New Delhi: Amid projection of losses to continue in 2021 for airports in Asia-Pacific and the Middle East, Airports Council International (ACI) Asia-Pacific on Tuesday urged governments to reopen borders and ease quarantine requirements especially in countries where vaccination coverage is satisfactory.
Compared with ACI’s pre-pandemic projections for the same period, the two regions are forecasted to lose over 2.3 billion passengers by the end of 2021.
Airport revenues, a direct reflection of passenger traffic, are forecasted to decline by approximately US$ 34 billion in Asia-Pacific and US$11 billion in the Middle East by the end of 2021.
“The latest ACI forecast shows that after a bad 2020 in terms of traffic and revenues, 2021 was even more dismal for Asia-Pacific and Middle East airports,” said Stefano Baronci, Director General, ACI Asia-Pacific.

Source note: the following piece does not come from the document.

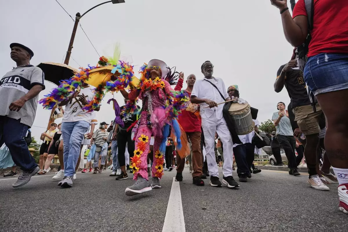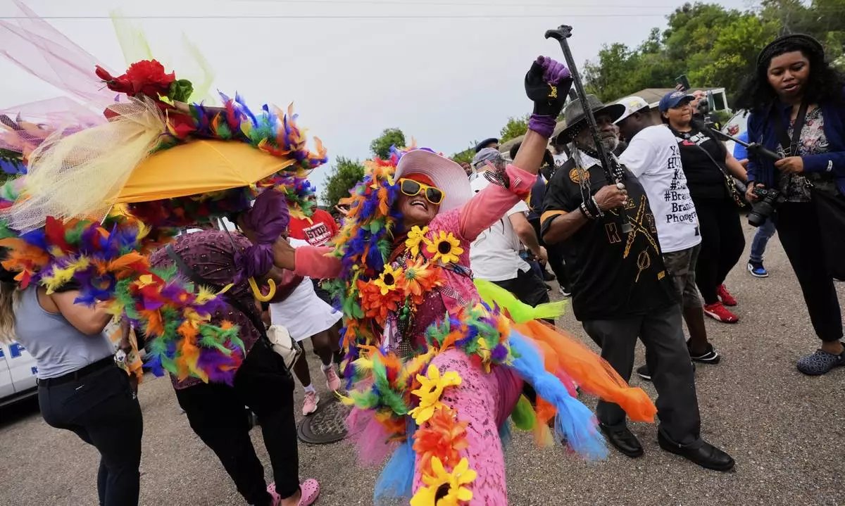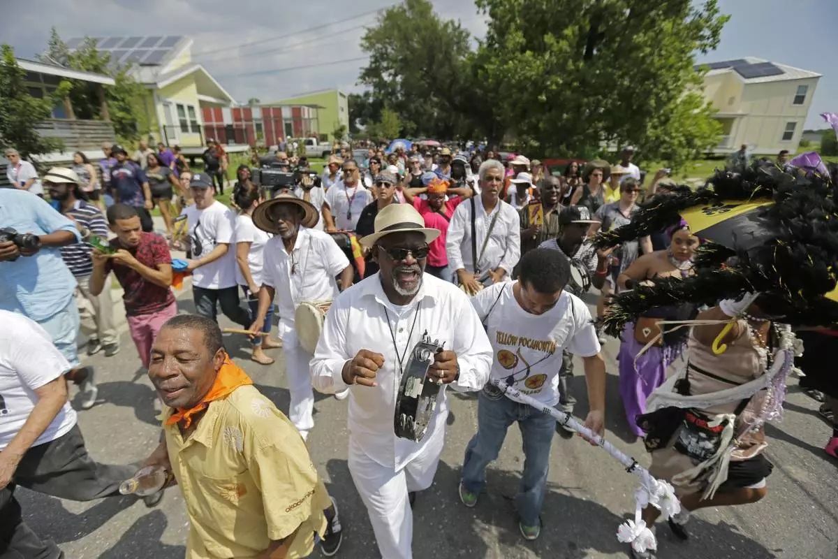 Second line parades have been a staple of Katrina anniversaries since 2006. On Friday, people on bikes and stilts moved among dancers in bedazzled outfits marching to the snap of snare drums and the brassy thump of tubas.

Baronci noted that a repeat of the dismal 2021 can be avoided for 2022 if more governments can adopt the risk-based, pragmatic approaches recommended by ICAO and the WHO.
The ACI Asia-Pacific DG further said that in pursuit of boosting international travel and stimulating economic growth, some countries are applying these approaches, such as Singapore, Thailand, Fiji and Maldives along with several Middle East and European countries and the United States.
“By the end of 2021, more major economies in Asia would have fully vaccinated over 70% of their populations, bringing an additional layer of protection against the coronavirus. With continued careful monitoring of public health situations through indicators such as hospitalization and mortality rates, more governments are urged to expedite the calculated risk of relaxing quarantine policies, and follow the global trend of adopting digital health certificates with a view of supporting the resumption of international air travel,” Baronci stated.
Asia-Pacific, already adversely affected by constant lockdowns, stringent travel and quarantine restrictions, is forecasted to close out the year with around 56% passenger losses, despite resumption of some domestic travel in a few markets. The Middle East is likely be one of the hardest-hit regions globally with almost 70% passenger losses.